### [TASK DATA]
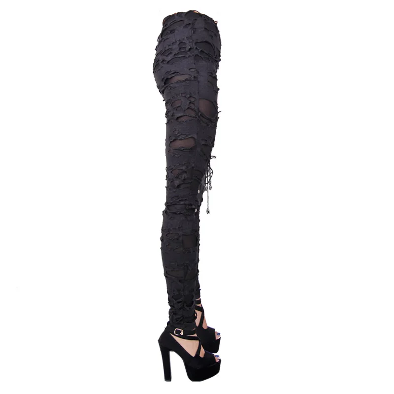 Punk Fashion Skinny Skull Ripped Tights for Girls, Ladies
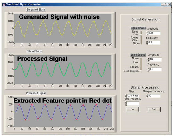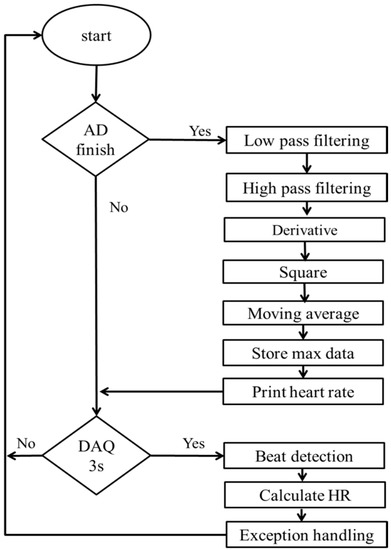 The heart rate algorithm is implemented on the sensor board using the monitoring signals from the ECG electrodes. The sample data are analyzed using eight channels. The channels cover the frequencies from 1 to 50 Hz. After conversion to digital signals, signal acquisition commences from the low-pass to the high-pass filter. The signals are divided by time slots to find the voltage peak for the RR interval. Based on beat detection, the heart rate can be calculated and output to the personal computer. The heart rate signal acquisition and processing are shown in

==

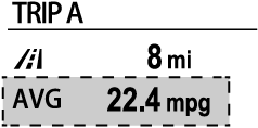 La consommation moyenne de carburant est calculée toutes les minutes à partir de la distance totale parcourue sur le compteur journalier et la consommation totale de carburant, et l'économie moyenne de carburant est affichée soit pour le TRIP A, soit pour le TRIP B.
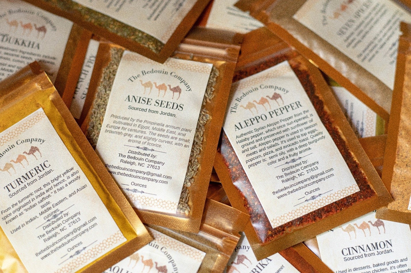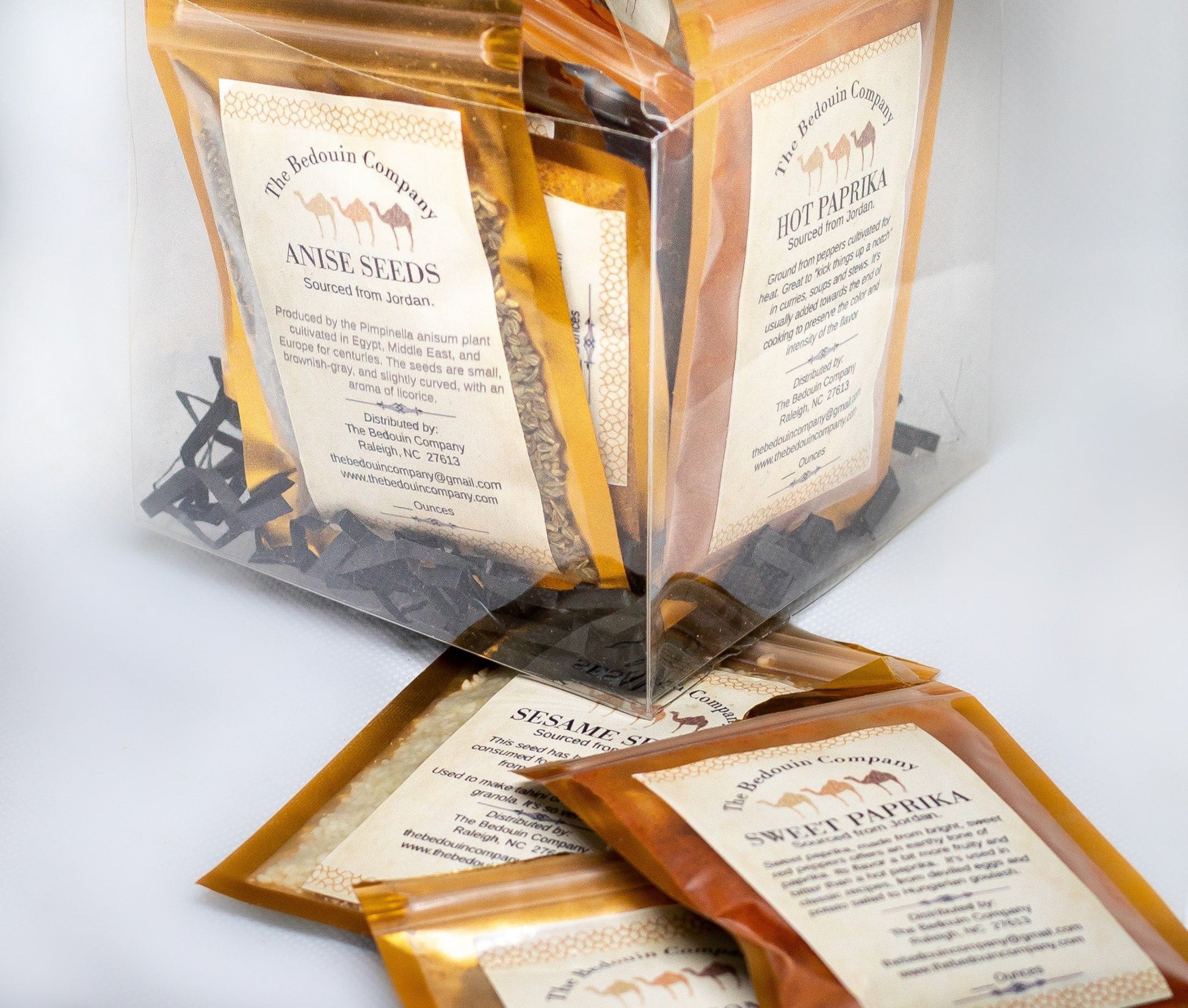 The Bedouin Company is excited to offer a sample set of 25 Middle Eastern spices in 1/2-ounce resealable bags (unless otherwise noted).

--

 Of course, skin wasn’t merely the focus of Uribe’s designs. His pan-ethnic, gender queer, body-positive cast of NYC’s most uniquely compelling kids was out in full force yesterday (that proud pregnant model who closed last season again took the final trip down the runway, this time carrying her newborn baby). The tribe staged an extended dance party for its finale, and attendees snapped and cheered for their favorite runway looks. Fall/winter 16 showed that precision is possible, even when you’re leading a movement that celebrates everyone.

### [WHAT THE EXERCISE ASKS]
The answer must be the lines above from the one containing "Punk Fashion Skinny" through the one containing "The heart rate algorithm", reproduced exactly, with no pictures and nothing else.

### [EXPECTED OUTPUT]
 Punk Fashion Skinny Skull Ripped Tights for Girls, Ladies
 The heart rate algorithm is implemented on the sensor board using the monitoring signals from the ECG electrodes. The sample data are analyzed using eight channels. The channels cover the frequencies from 1 to 50 Hz. After conversion to digital signals, signal acquisition commences from the low-pass to the high-pass filter. The signals are divided by time slots to find the voltage peak for the RR interval. Based on beat detection, the heart rate can be calculated and output to the personal computer. The heart rate signal acquisition and processing are shown in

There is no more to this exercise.